Basma Alsharif, The Story of Milk and Honey, 2011, installation view. Courtesy: Museum of Contemporary Art, Toronto; photograph: Tom Arban Photography Inc.

The imaginative narratives of Alsharif’s work unravel official histories of patriarchy and colonization. In the video Girls Only (2014), a young woman sits in the Athenian Panathenaic stadium playing a nonsensical rhyming game, undercutting the male prowess promoted in a series of five Olympic Games posters that hang alongside the monitor. At the center of A Philistine (2019), comfortable chairs invite visitors to sit and read a novella co-written by the artist, several copies of which sit in a packing crate between them; these chairs also figure in the story itself, which begins in a Cairo furniture store, winds back through time and space - through France, Beirut, 1935 Gaza, and settling in Ancient Egypt - to reimagine a borderless terrain, before its fragmentation by Israeli walls.

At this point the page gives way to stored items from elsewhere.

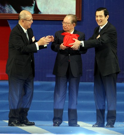 馬英九從吳伯雄手中接過(guò)黨主席印信。(圖片來(lái)源 臺(tái)灣“中央社”)
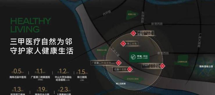 3km范围内3所三甲级医院,包括南方医科大学珠江医院、广州医科大学附属第二医院、中山大学孙逸仙纪念医院,24小时为业主的健康保驾护航。
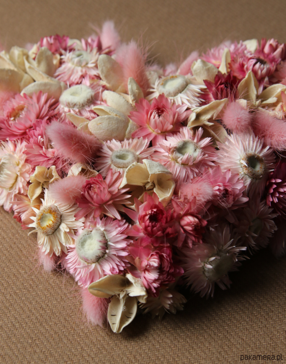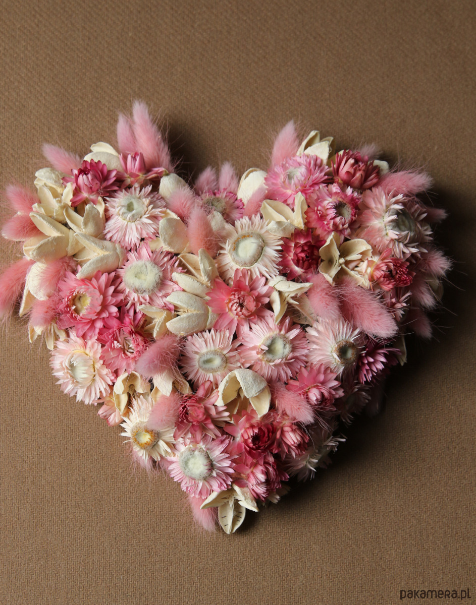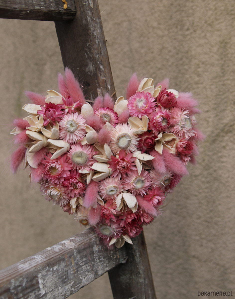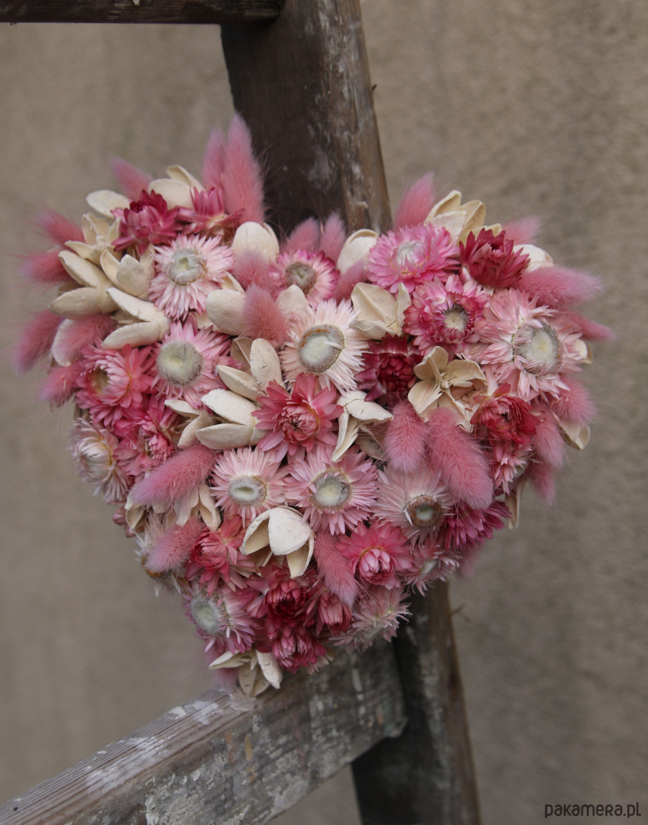 Wyjątkowa dekoracja w kształcie serca wykonana z różowych i kremowych suszonych kwiatów, suszu egzotycznego i traw ozdobnych. Romantyczna, delikatna i naturalna- wprowadza ciepły klimat do każdego wnętrza.
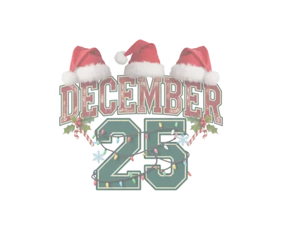 See allEmbrace the most wonderful time of the year with our charming December 25 Christmas DTF transfer. This festive design features the iconic date in a collegiate-style font, with "DECEMBER" in distressed red and "25" in a cozy green, playfully adorned with colorful Christmas lights. Three jolly Santa hats sit atop the text, complemented by cheerful holly berries, candy canes, and a delicate snowflake, making this a perfect ready to press design for all your holiday apparel needs. This delightful iron on transfer is ideal for anyone looking to add a touch of holiday spirit to their wardrobe or craft projects. It's perfect for small business owners creating seasonal inventory, crafters designing custom gifts, families planning matching holiday outfits, or individuals preparing for Christmas parties and events. Use this heat transfer design to create memorable attire for Christmas morning, festive gatherings, or even a fun ugly sweater contest. Applying this heat press transfer is a breeze! It adheres beautifully to a wide range of fabrics including cotton, polyester, cotton-poly blends, and even nylon. For best results, use a heat press at 300-325°F for 15 seconds with medium pressure, then simply peel the film cold. No weeding is required – just peel and press! It's fantastic for custom t-shirts, cozy hoodies, sweatshirts, tote bags, festive pillow covers, baby onesies, aprons, and denim jackets. For lasting durability, wash garments inside out and tumble dry low. Experience professional-grade results with this high-quality ready to press transfer. Featuring vibrant, full-color printing and exceptional fine detail, this design is crack-resistant and boasts a soft, lightweight feel without the heavy bulk of traditional vinyl. Each direct to film transfer is meticulously printed on premium DTF film with a strong, reliable adhesive backing, ensuring your creations look fantastic and last for many holiday seasons to come.
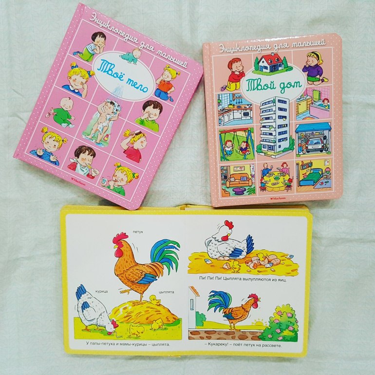 Сделаны книги очень качественно. небольшой формат; плотные закругленные картонные страницы, огромное количество ярких иллюстраций. Книги невозможно отгрызть, память, порвать.
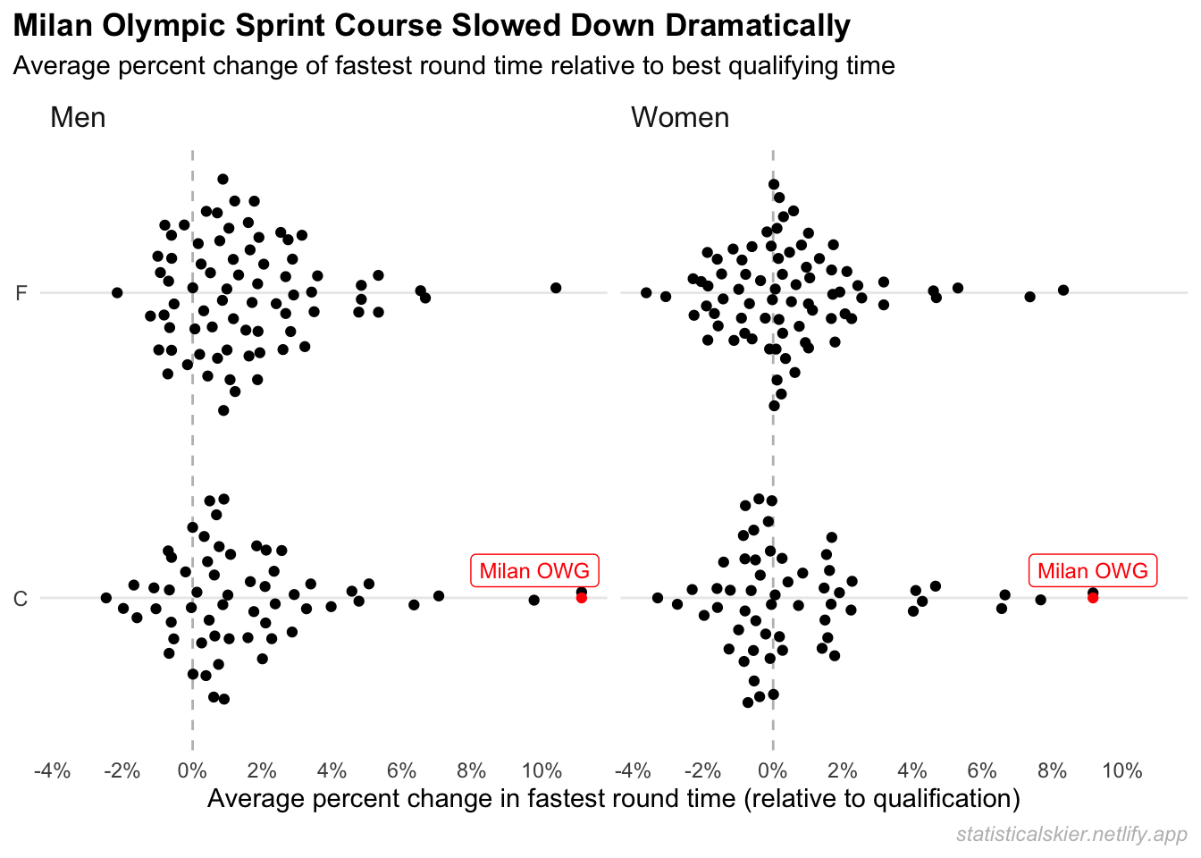 The following plot shows the distribution of the average percent change relative to the fastest qualification time across all sprint races since 2013. Once again, this Milan Olympic course slowed down during the day by an historic amount.
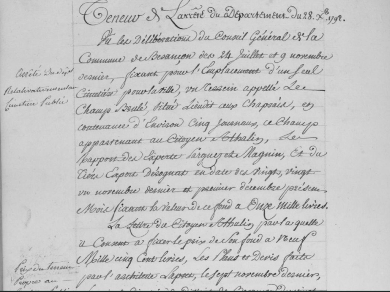 C’est ainsi que la municipalité de Besançon décide lors d’une délibération du 31 décembre 1792 d’acheter 5 journaux de terre au sieur Athalin pour la somme de 9 500 livres.
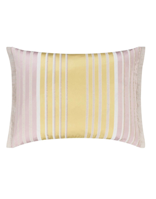 Sophisticated and feminine, this orchid and buttercup striped silk cushion makes for the perfect accessory for your couch or your bed.

Rejecting more polemical forms of art, such as the militant cinema of the Palestinian Film Unit, Alsharif employs different strategies, such as montage and imaginative narratives, to deconstruct the binary between oppressor and victim. Tireless in her imaginative process, she sorts through the debris of the past in order to envision an existence unfettered by barriers.

Main Image: Basma Alsharif, 'Trompe l’Oeil', 2016, installation view. Courtesy: Museum of Contemporary Art, Toronto; photograph: Tom Arban Photography Inc.

Jill Glessing is a writer and lecturer in Art History at York University and Ryerson University, Ontario.